Lin Erica V, Arce Betania, Alvarez-Arango Santiago, Dispenza Melanie C
Department of Medicine, Division of Allergy and Clinical Immunology, Johns Hopkins University School of Medicine, Baltimore, Md.
Departments of Medicine and Pediatrics, Division of Allergy and Immunology, University of Texas Southwestern Medical Center, Dallas, Tex.
J Allergy Clin Immunol. 2025 Jun 16. doi: 10.1016/j.jaci.2025.05.030.
As an essential component of the FcεRI pathway, Bruton tyrosine kinase (BTK) has become a target for treating allergic diseases. Several proof-of-concept studies using early-generation compounds such as ibrutinib and acalabrutinib demonstrated the ability of short courses of BTK inhibitors (BTKis) to reduce skin test responses to allergens, suppress basophil activation responses, and even completely prevent reactivity to allergenic food ingestion in humans. While early-generation BTKis do not have acceptable adverse effect profiles for chronic administration for nononcologic indications, newer compounds in development have higher selectivity for BTK and fewer adverse effects. In particular, remibrutinib has demonstrated remarkable efficacy and safety with chronic administration for chronic spontaneous urticaria and is poised to become the first BTKi approved in the United States for use in the allergy space. This review summarizes work using BTKis to treat allergic disorders, emphasizing safety and practical considerations for clinicians.

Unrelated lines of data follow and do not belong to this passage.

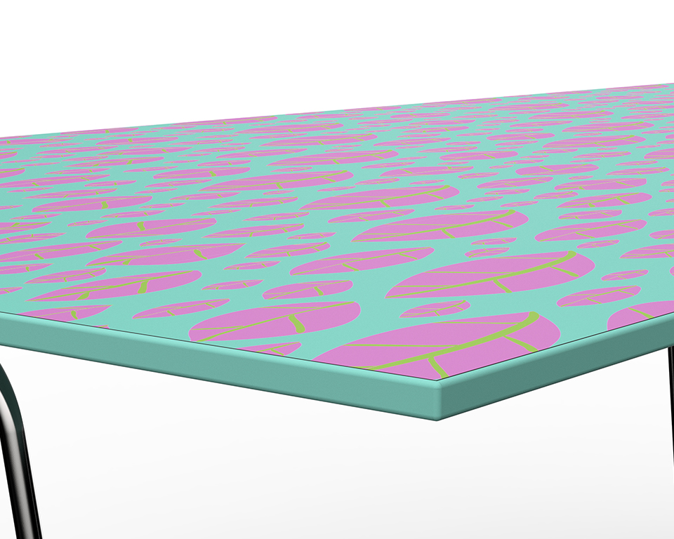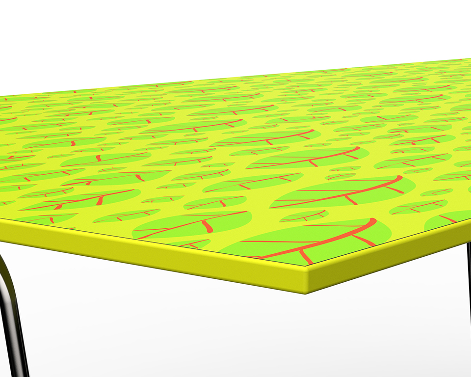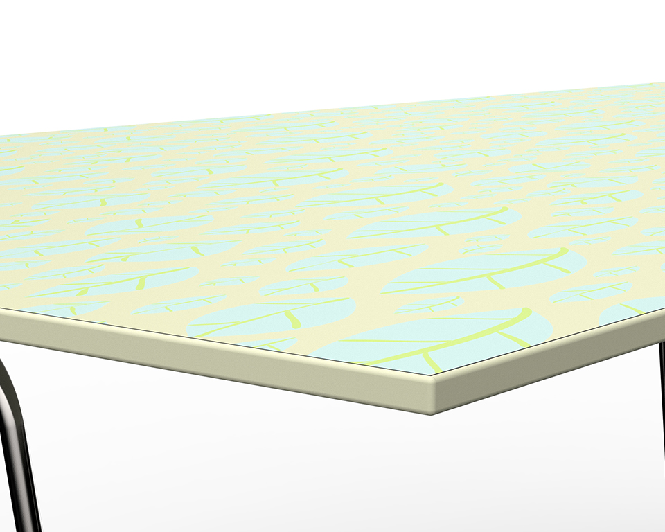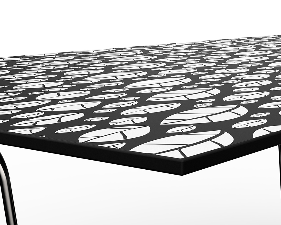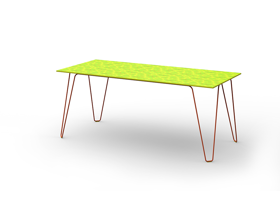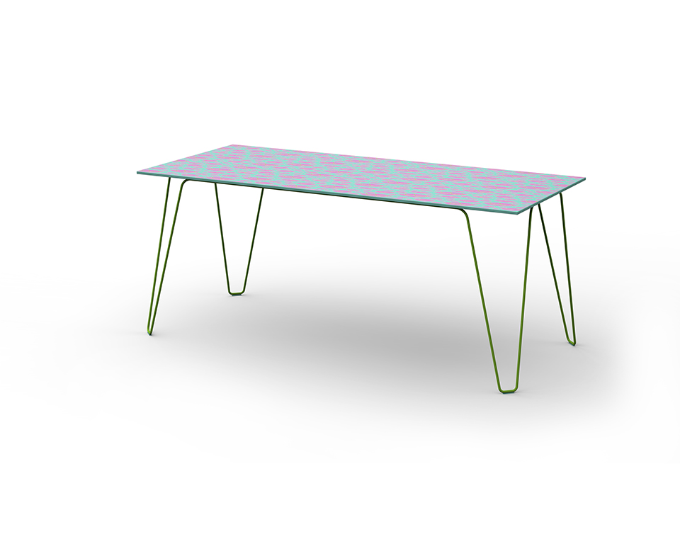 Finiture: Struttura: Acciaio o Ferro verniciato opaco a polvere epossidica. Piano: Laminato stampato in digitale.
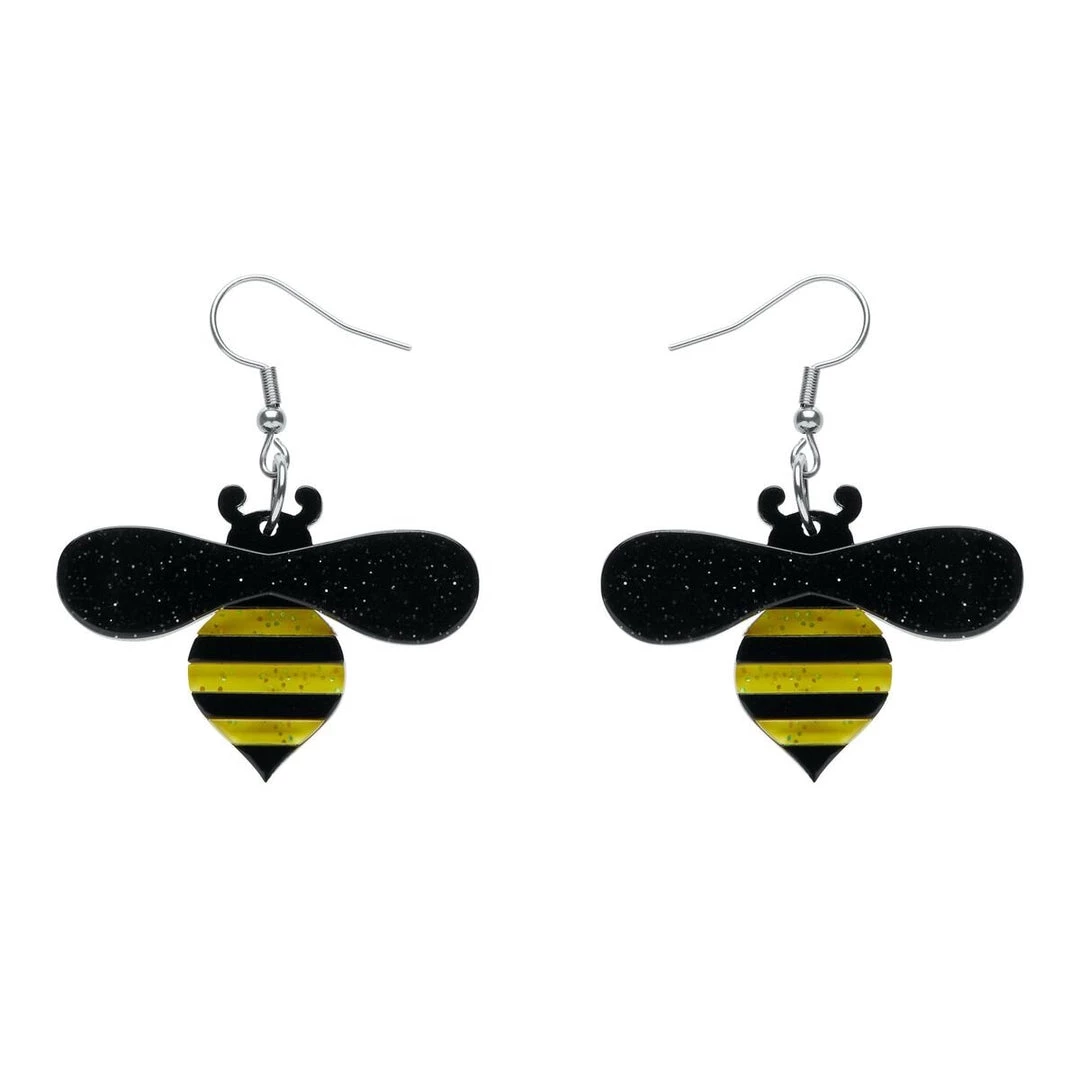 Fan Favourites Collection “Babette Bee” glittery black & yellow layered resin dangle earrings, designed in Australia by Erstwilder. All designs are original and limited in production–once they’re gone, they’re gone forever!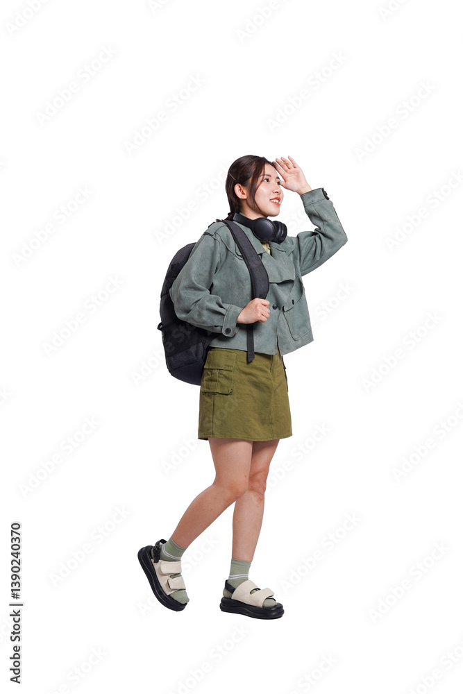 Portrait of Asian female student posing dynamically on white background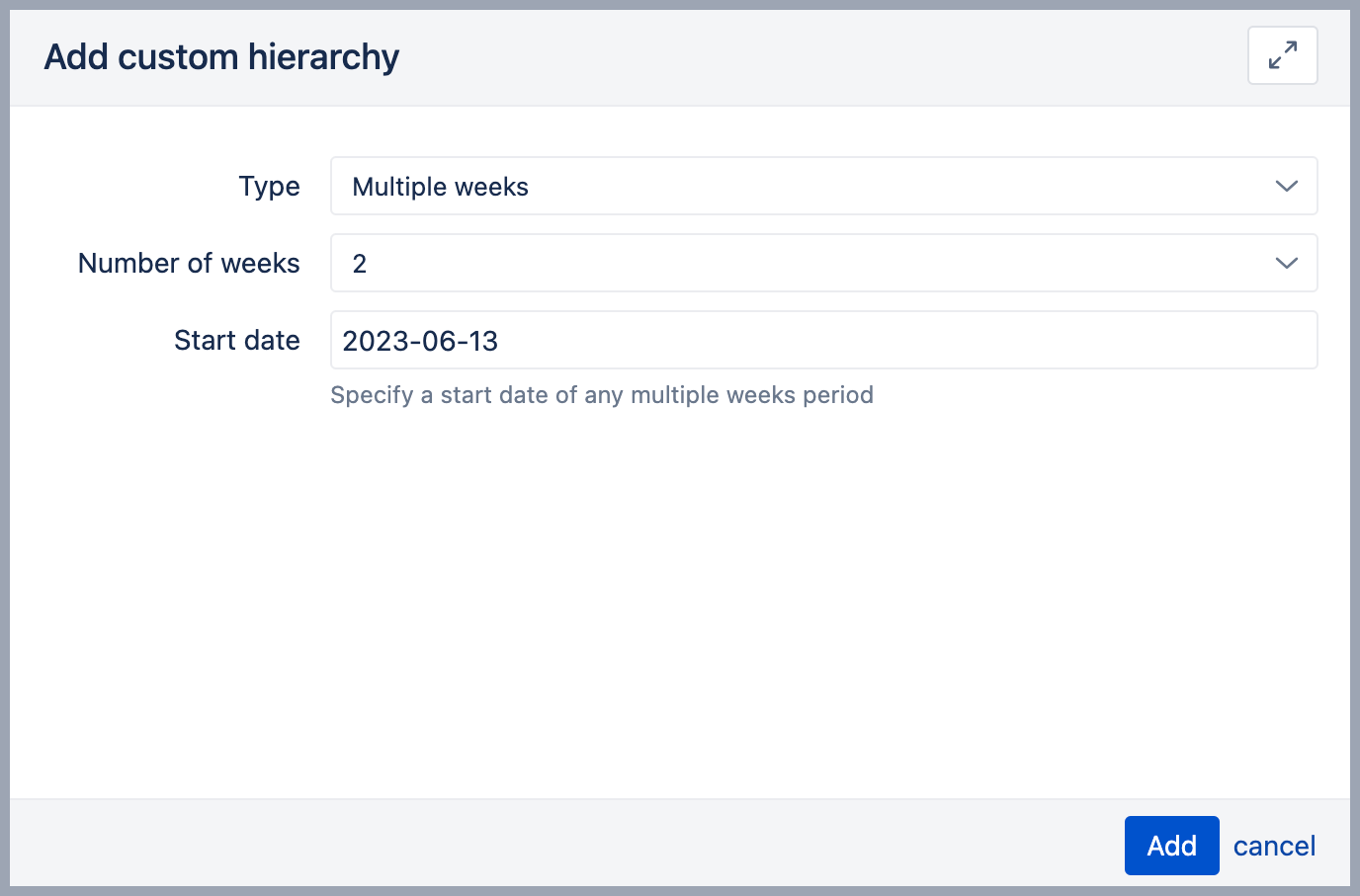 The other type of custom hierarchy allows the creation of new hierarchies of multiple weeks. You can choose one, two, three, or four-week periods and select a start date. The date determines from which date the multi-week period starts.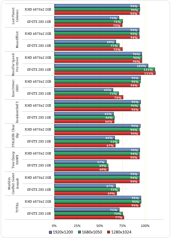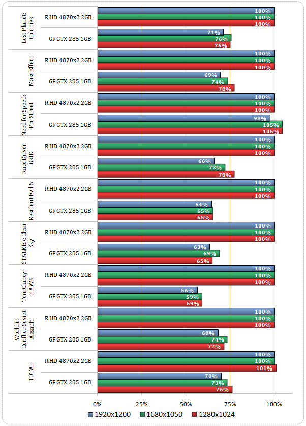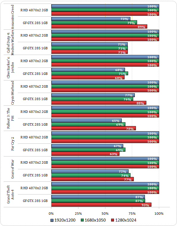 Сводная диаграмма производительности GeForce GTХ 285 1024 Мбайт и Radeon HD 4870x2 2048 Мбайт относительно производительности CrossFireX 2 x Radeon HD 4870 1024 Мбайт, работающих на штатных частотах (за 100% взят результат CrossFireX 2 x Radeon HD 4870 1024 Мбайт)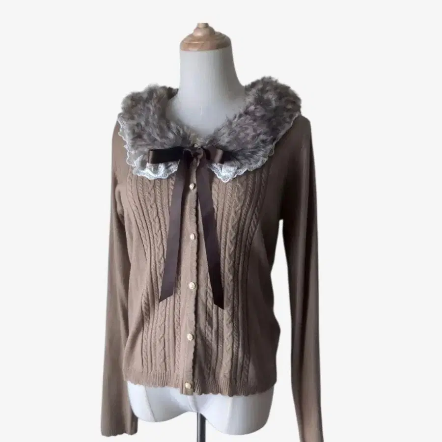 엑시즈팜 퍼 가디건 리본 레이스 펄 버튼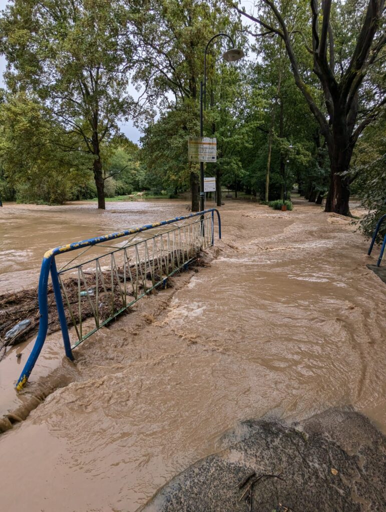 Woda w domu rodziny Pani Dwornickiej stała dwa dni. Nie można jej było wypompować z uwagi na brak odpowiedniego sprzętu i wysoki poziom wód podskórnych. Ciśnienie tej wody całkowicie podniosło i wyrzuciło ponad powierzchnię gruntu całą konstrukcję (zbiornik) przydomowej oczyszczalni ścieków i uszkodziło doprowadzone do niej przyłącza wraz z pompą i zasilaniem.

作为FcεRI途径的重要组成部分,布鲁顿酪氨酸激酶(BTK)已成为治疗过敏性疾病的靶点。几项使用第一代化合物(如伊布替尼和阿卡替尼)的概念验证研究表明,短期使用BTK抑制剂(BTKis)能够降低皮肤对过敏原的测试反应,抑制嗜碱性粒细胞激活反应,甚至完全预防人类对过敏性食物摄入的反应。虽然第一代BTKis对于非肿瘤适应症的长期给药没有可接受的不良反应谱,但正在研发的新型化合物对BTK具有更高的选择性和更少的不良反应。特别是,瑞布替尼在慢性自发性荨麻疹的长期给药中已显示出显著的疗效和安全性,有望成为美国首个获批用于过敏领域的BTKi。本综述总结了使用BTKis治疗过敏性疾病的研究工作,重点强调了临床医生在安全性和实际应用方面的考虑因素。